India carries one of the world's highest burdens of maternal anaemia — nearly one in two pregnant women is anaemic (NFHS-5). At the same time, neonatal tetanus, though substantially reduced, remains a preventable cause of neonatal death in under-immunised communities. As a final-year student you will counsel pregnant women at every ANC contact about diet, supplements, and vaccinations. This module builds the skills to do that accurately and empathetically — using correct doses, correct schedules, and sound communication technique.

References

  • DC Dutta's Textbook of Obstetrics, 10th ed., Ch. 5 (Antenatal Care) (textbook)
  • Williams Obstetrics, 26th ed., Ch. 9 (Prenatal Care) (textbook)
  • NHM India — Operational Guidelines on Maternal Nutrition 2018 (guideline)
  • Ministry of Health & Family Welfare — Immunisation Schedule, National Immunisation Programme 2022 (guideline)
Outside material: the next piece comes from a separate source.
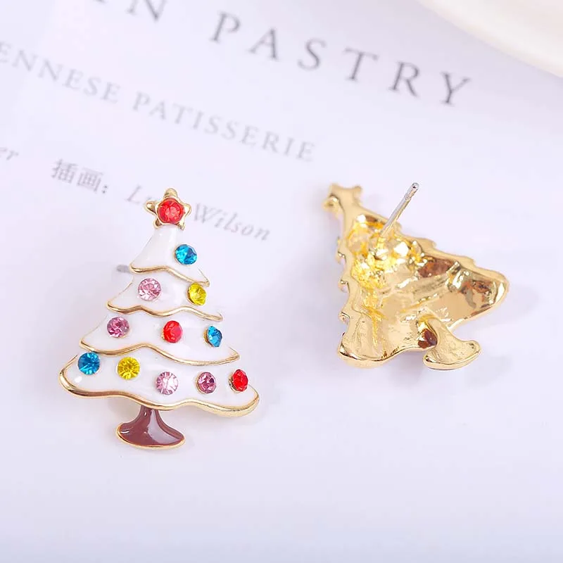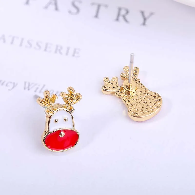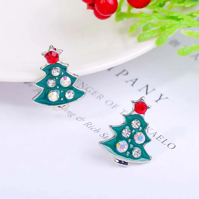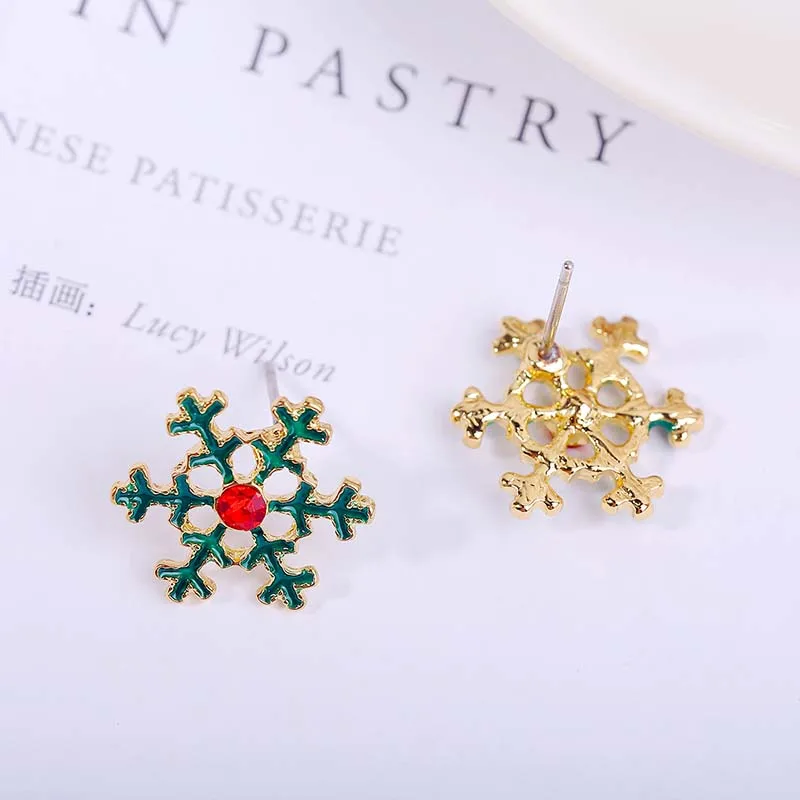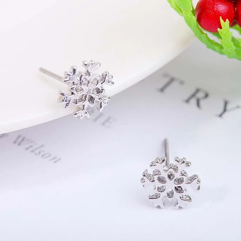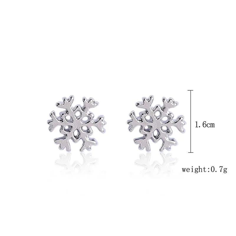 Серьги-гвоздики в виде деда мороза, серебристого цвета, маленькие снежинки, Мультяшные рождественские аксессуары для девочек, рождественские подарки

Version 2.0 | NMC CBUC 2024

CLINICAL SCENARIO

A 22-year-old primigravida at 16 weeks presents for her second ANC visit at a PHC. Her haemoglobin is 9.2 g/dL. She reports she cannot afford to eat meat and eats mainly rice and dal. Her husband asks whether the 'iron tablets make her sick' and whether they can stop them. Her vaccination card shows no TT doses recorded. You have 10 minutes to counsel her on diet, supplements, and vaccination. How do you proceed?

WHY THIS MATTERS

Nutritional deficiency and vaccine-preventable illness are two of the most directly modifiable contributors to maternal and perinatal mortality in India. The National Family Health Survey-5 (2019-21) reports that 52.2% of pregnant women in India are anaemic — the highest prevalence among any reproductive age group. Iron-deficiency anaemia in pregnancy increases the risk of preterm birth, low birth weight, postpartum haemorrhage, and maternal death. Folate deficiency in the periconceptional period is the leading preventable cause of neural tube defects. Meanwhile, neonatal tetanus, once responsible for hundreds of thousands of deaths annually in South Asia, has been dramatically curtailed by routine Tetanus Toxoid immunisation during pregnancy — yet coverage remains incomplete in rural and tribal areas. As a clinician at any level of care, your ability to counsel accurately on these two domains at every ANC contact directly prevents morbidity and mortality. This is not background knowledge — it is a clinical skill that the NMC expects you to demonstrate in a simulated environment (OG8.6, SH level) and to articulate in examinations (OG8.7, KH level).

RECALL

Before proceeding, recall the following from earlier modules: (1) The normal physiology of pregnancy — maternal plasma volume rises ~45% by 34 weeks, red cell mass rises ~20%, creating a dilutional 'physiological anaemia'; iron demand triples in the second and third trimesters. (2) Fetal neural tube closure occurs between days 22–28 of gestation — before most women know they are pregnant — making periconceptional folic acid supplementation the critical window. (3) The standard antenatal care framework from og3-anc-objectives includes at minimum 8 contacts (WHO 2016); nutrition and vaccination counselling is built into each contact. (4) From OG2: placental transfer of iron, calcium, and folate is an active transport process; maternal deficiency directly depletes fetal stores.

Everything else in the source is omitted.